Садовник остановил косилку и, медленно выходя из своей грустной задумчивости, уставился на Майкла.
— Да, сэр, — ответил он. У него был тонкий голос, который звучал сегодня уныло, без единой приветливой нотки. Но маленькие черные глаза, утонувшие в коричневых морщинах, казались Майклу растерянными и умоляющими. Майклу захотелось сказать что-нибудь ободряющее и любезное этому стареющему, трудолюбивому эмигранту: ведь он внезапно оказался в стане врагов и, наверное, чувствует, что и его в какой-то мере считают виновным в гнусном нападении, совершенном за три тысячи миль отсюда.
— Плохие дела, а? — заговорил Майкл.
Садовник недоуменно взглянул на него. Казалось, он не понимал, о чем говорит этот человек.

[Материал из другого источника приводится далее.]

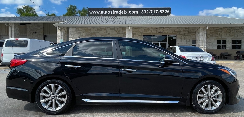 AUTOSTRADE is proud to present you with another True Market Priced Pre-Owned Vehicle. This 2017 Hyundai Sonata Limited is loaded with the following Factory Options:Tech Package 03, 4-Wheel Disc Brakes, 4.2-inch Color LCD Multi-Info Display, 6 Speakers, ABS brakes, Air Conditioning, Alloy wheels, AM/FM radio: SiriusXM, Apple CarPlay & Android Auto, Auto-dimming Rear-View mirror, Automatic temperature control, Brake assist, Bumpers: body-color, Carpeted Floor Mats, CD player, Compass, Delay-off headlights, Driver door bin, Driver vanity mirror, Dual front impact airbags, Dual front side impact airbags, Dynamic Bending Light (DBL), Electronic Stability Control, Emergency communication system: Blue Link, Exterior Parking Camera Rear, First Aid Kit, Four wheel independent suspension, Front anti-roll bar, Front Bucket Seats, Front Center Armrest, Front dual zone A/C, Front reading lights, Fully automatic headlights, Garage door transmitter: HomeLink, Heated door mirrors, Heated Front Bucket Seats, Heated front seats, Heated Rear Seats, Heated/Ventilated Front Bucket Seats, High-Intensity Discharge Xenon Headlights, Illuminated entry, Integrated Memory System (IMS), Knee airbag, Leather Seating Surfaces, Leather Shift Knob, Leather steering wheel, LED Interior Lights, Low tire pressure warning, Mud Guards, Occupant sensing airbag, Outside temperature display, Overhead airbag, Overhead console, Panic alarm, Passenger door bin, Passenger vanity mirror, Power door mirrors, Power driver seat, Power moonroof, Power passenger seat, Power steering, Power windows, Radio: AM/FM/SiriusXM/CD/MP3 Display Audio, Radio: AM/FM/SiriusXM/CD/MP3 w/Navigation, Rear anti-roll bar, Rear Bumper Applique, Rear seat center armrest, Rear Side Window Sunshades, Rear window defroster, Remote keyless entry, Security system, SiriusXM Travel Link (Complimentary Trial), Speed control, Speed-sensing steering, Speed-Sensitive Wipers, Split folding rear seat, Spoiler, Steering wheel mounted audio controls, Tachometer, Telescoping steering wheel, Tilt steering wheel, Traction control, Trip computer, Turn signal indicator mirrors, Variably intermittent wipers, and Wheels: 17 x 7.0J Aluminum Alloy.

— Я имею в виду войну, — пояснил Майкл.
Садовник пожал плечами.
— Нет очень плохо, — ответил он. — Все говорят: «Нехорошая Япония. Проклятая Япония!» Но вовсе нет очень плохо. Раньше Англии нужно — она берет. Америке нужно — она берет. А сейчас Японии нужно, — он надменно и вызывающе взглянул на Майкла, — она берет.
Садовник повернулся, снова запустил косилку и медленно двинулся через газон. Во все стороны от его ног полетели верхушки срезанной душистой травы. Майкл смотрел ему вслед — на смиренно согнутую спину в вылинявшей, пропотевшей рубашке, на удивительно сильные, обнаженные ниже колен ноги и морщинистую загорелую шею.
Возможно, в военное время долг всякого порядочного гражданина сообщить куда следует о подобных высказываниях. Возможно, этот пожилой садовник в рваной одежде не кто иной, как капитан японских военно-морских сил, затаившийся до той поры, пока перед портом Сан-Педро не появятся корабли императорского флота… Майкл рассмеялся. Вот оно — влияние кино на современного человека! От него никуда не спрячешься.
Майкл закрыл окна и решил побриться. Намыливаясь и соскабливая с лица мыльную пену, он тщетно ломал голову над тем, что делать дальше. Он приехал в Калифорнию вместе с Томасом Кэхуном, который пытался набрать здесь артистов для своей новой театральной постановки. Одновременно они вели переговоры с драматургом Мильтоном Слипером о внесении некоторых изменений в его пьесу. Слипер мог заниматься своим произведением только по ночам: днем он работал сценаристом в киностудии «Братья Уорнер». «Искусство процветает в двадцатом веке, — ехидно заметил как-то Кэхун. — Гете, Чехов и Ибсен имели возможность заниматься своими пьесами целыми днями, а у Мильтона Слипера для этого остаются только ночи».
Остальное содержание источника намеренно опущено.